• **Work required**: Write out each record below exactly, but not the pictures.

• **Record excerpts**:
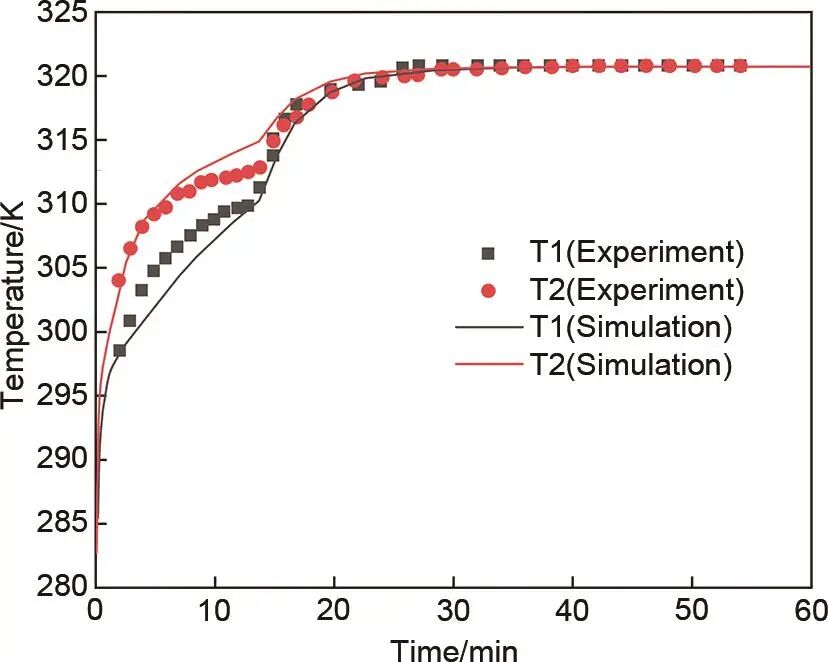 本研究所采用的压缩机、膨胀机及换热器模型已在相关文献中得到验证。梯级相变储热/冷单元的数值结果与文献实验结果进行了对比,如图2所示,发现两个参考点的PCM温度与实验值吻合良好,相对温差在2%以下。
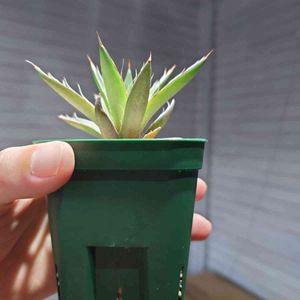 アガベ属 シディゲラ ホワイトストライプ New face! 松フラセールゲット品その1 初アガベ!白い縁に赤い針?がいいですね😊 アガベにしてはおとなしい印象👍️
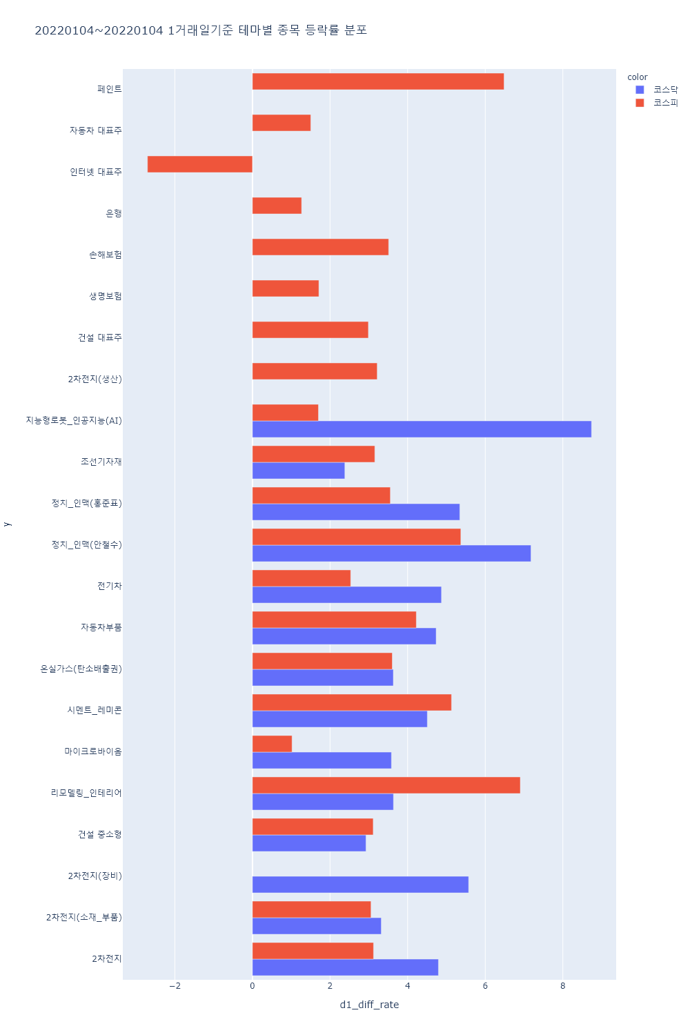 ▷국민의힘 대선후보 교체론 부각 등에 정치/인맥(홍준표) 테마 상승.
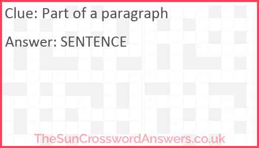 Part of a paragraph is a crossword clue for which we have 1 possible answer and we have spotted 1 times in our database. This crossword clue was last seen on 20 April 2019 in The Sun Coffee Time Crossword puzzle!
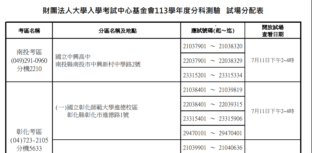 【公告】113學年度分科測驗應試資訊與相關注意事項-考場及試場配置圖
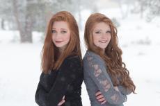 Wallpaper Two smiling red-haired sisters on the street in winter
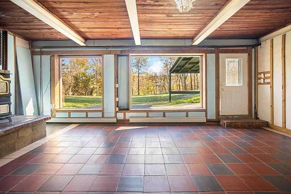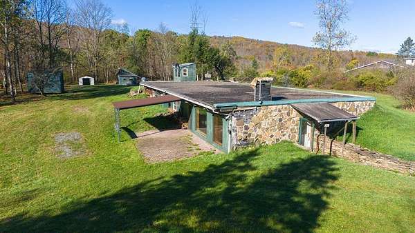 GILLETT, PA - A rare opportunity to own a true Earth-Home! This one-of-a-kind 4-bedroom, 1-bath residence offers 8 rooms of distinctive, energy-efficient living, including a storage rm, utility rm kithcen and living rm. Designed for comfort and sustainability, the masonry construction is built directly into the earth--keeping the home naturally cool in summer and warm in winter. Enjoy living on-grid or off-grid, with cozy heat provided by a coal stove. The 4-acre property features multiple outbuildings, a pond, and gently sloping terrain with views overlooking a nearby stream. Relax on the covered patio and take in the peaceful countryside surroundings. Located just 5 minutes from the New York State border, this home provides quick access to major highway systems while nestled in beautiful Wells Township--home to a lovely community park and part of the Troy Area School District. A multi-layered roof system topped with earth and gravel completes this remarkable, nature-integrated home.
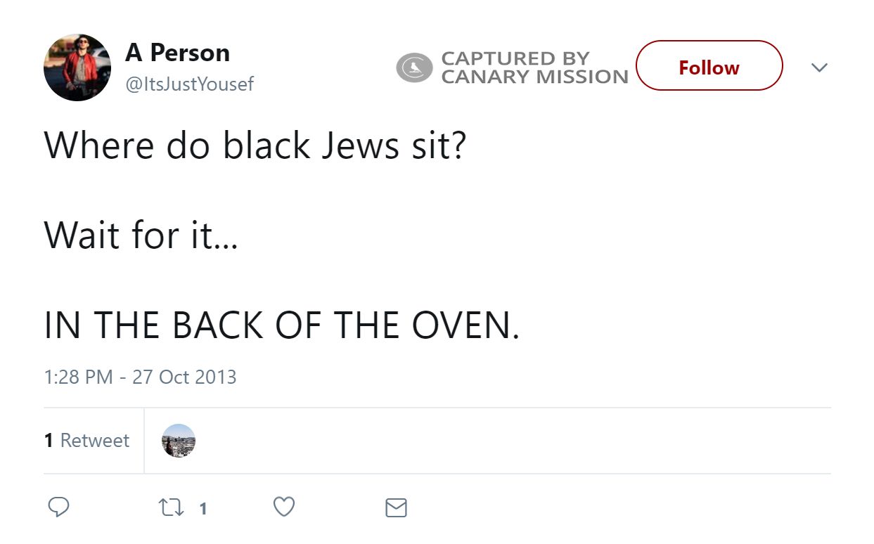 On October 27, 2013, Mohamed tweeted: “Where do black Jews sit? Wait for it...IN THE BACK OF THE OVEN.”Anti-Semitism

• **Exercise answer**:
 本研究所采用的压缩机、膨胀机及换热器模型已在相关文献中得到验证。梯级相变储热/冷单元的数值结果与文献实验结果进行了对比,如图2所示,发现两个参考点的PCM温度与实验值吻合良好,相对温差在2%以下。
 アガベ属 シディゲラ ホワイトストライプ New face! 松フラセールゲット品その1 初アガベ!白い縁に赤い針?がいいですね😊 アガベにしてはおとなしい印象👍️
 ▷국민의힘 대선후보 교체론 부각 등에 정치/인맥(홍준표) 테마 상승.
 Part of a paragraph is a crossword clue for which we have 1 possible answer and we have spotted 1 times in our database. This crossword clue was last seen on 20 April 2019 in The Sun Coffee Time Crossword puzzle!
 【公告】113學年度分科測驗應試資訊與相關注意事項-考場及試場配置圖
 Wallpaper Two smiling red-haired sisters on the street in winter
 GILLETT, PA - A rare opportunity to own a true Earth-Home! This one-of-a-kind 4-bedroom, 1-bath residence offers 8 rooms of distinctive, energy-efficient living, including a storage rm, utility rm kithcen and living rm. Designed for comfort and sustainability, the masonry construction is built directly into the earth--keeping the home naturally cool in summer and warm in winter. Enjoy living on-grid or off-grid, with cozy heat provided by a coal stove. The 4-acre property features multiple outbuildings, a pond, and gently sloping terrain with views overlooking a nearby stream. Relax on the covered patio and take in the peaceful countryside surroundings. Located just 5 minutes from the New York State border, this home provides quick access to major highway systems while nestled in beautiful Wells Township--home to a lovely community park and part of the Troy Area School District. A multi-layered roof system topped with earth and gravel completes this remarkable, nature-integrated home.
 On October 27, 2013, Mohamed tweeted: “Where do black Jews sit? Wait for it...IN THE BACK OF THE OVEN.”Anti-Semitism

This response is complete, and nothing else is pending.